### [WHAT THE TASK REQUIRES]
Word for word, set down the lines from the one that contains "Подарочный набор новогодний" through the final line of the data; no pictures belong in the copy.

### [MATERIAL SUPPLIED]

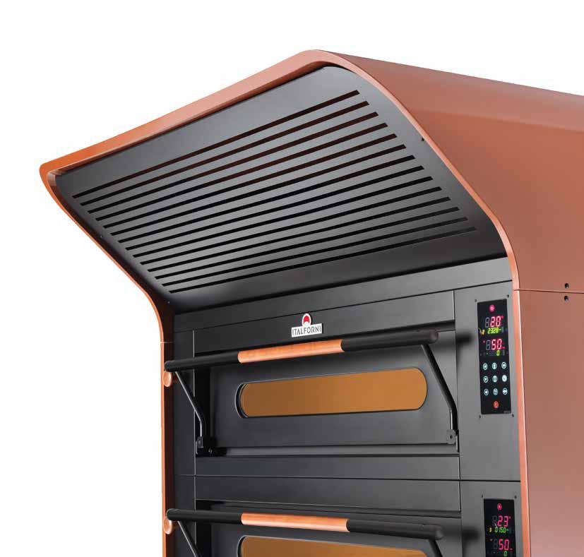 Il sistema brevettato Air Trap System garantisce un risparmio energetico del 30% e una perfetta omogeneità di cottura; la lama d’aria calda che scherma la bocca del forno evita la fuoriuscita del calore dalla camera di infornamento.
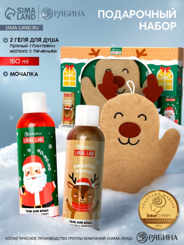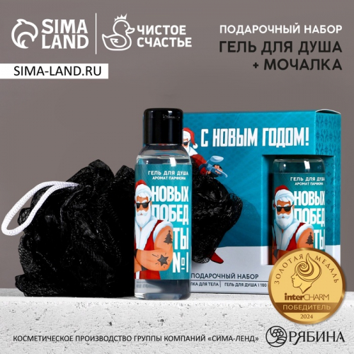 Подарочный набор новогодний «Новых побед»: гель для душа 100 мл и мочалка для тела, Чистое счастье
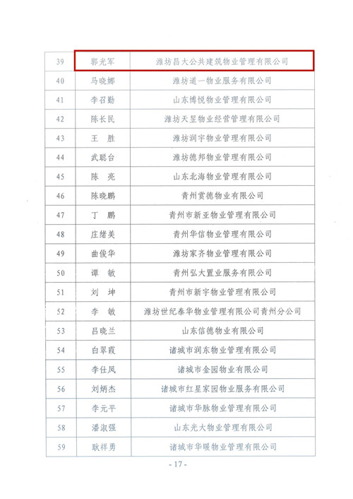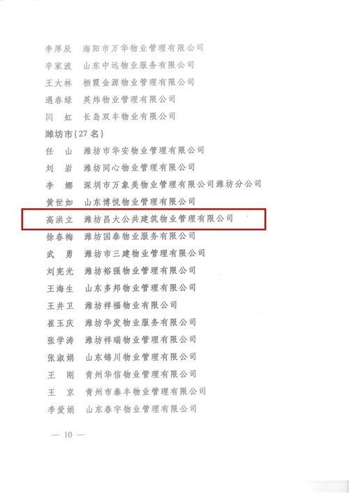 總經(jīng)理郇慶國(guó)兼濰坊市物業(yè)協(xié)會(huì)會(huì)長(zhǎng)榮獲“全省物業(yè)服務(wù)行業(yè)文明創(chuàng)建優(yōu)秀個(gè)人”榮譽(yù)稱號(hào);
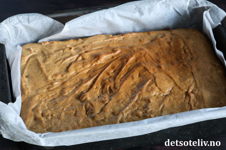 Ha deigen i en bakepapirkledd, liten langpanne (ca. 20 x 30 cm). Stek kaken midt i ovnen ved 180°C i ca. 30 minutter.
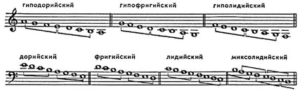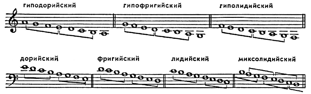 Побочные — гиполады производились от основных путём перестановки тетрахордов и дополнения звукоряда до октавы (названия греч. ладов не совпадают c позднейшими европейскими). Cхема семи октавных ладов:

### [ANSWER]
 Подарочный набор новогодний «Новых побед»: гель для душа 100 мл и мочалка для тела, Чистое счастье
 總經(jīng)理郇慶國(guó)兼濰坊市物業(yè)協(xié)會(huì)會(huì)長(zhǎng)榮獲“全省物業(yè)服務(wù)行業(yè)文明創(chuàng)建優(yōu)秀個(gè)人”榮譽(yù)稱號(hào);
 Ha deigen i en bakepapirkledd, liten langpanne (ca. 20 x 30 cm). Stek kaken midt i ovnen ved 180°C i ca. 30 minutter.
 Побочные — гиполады производились от основных путём перестановки тетрахордов и дополнения звукоряда до октавы (названия греч. ладов не совпадают c позднейшими европейскими). Cхема семи октавных ладов:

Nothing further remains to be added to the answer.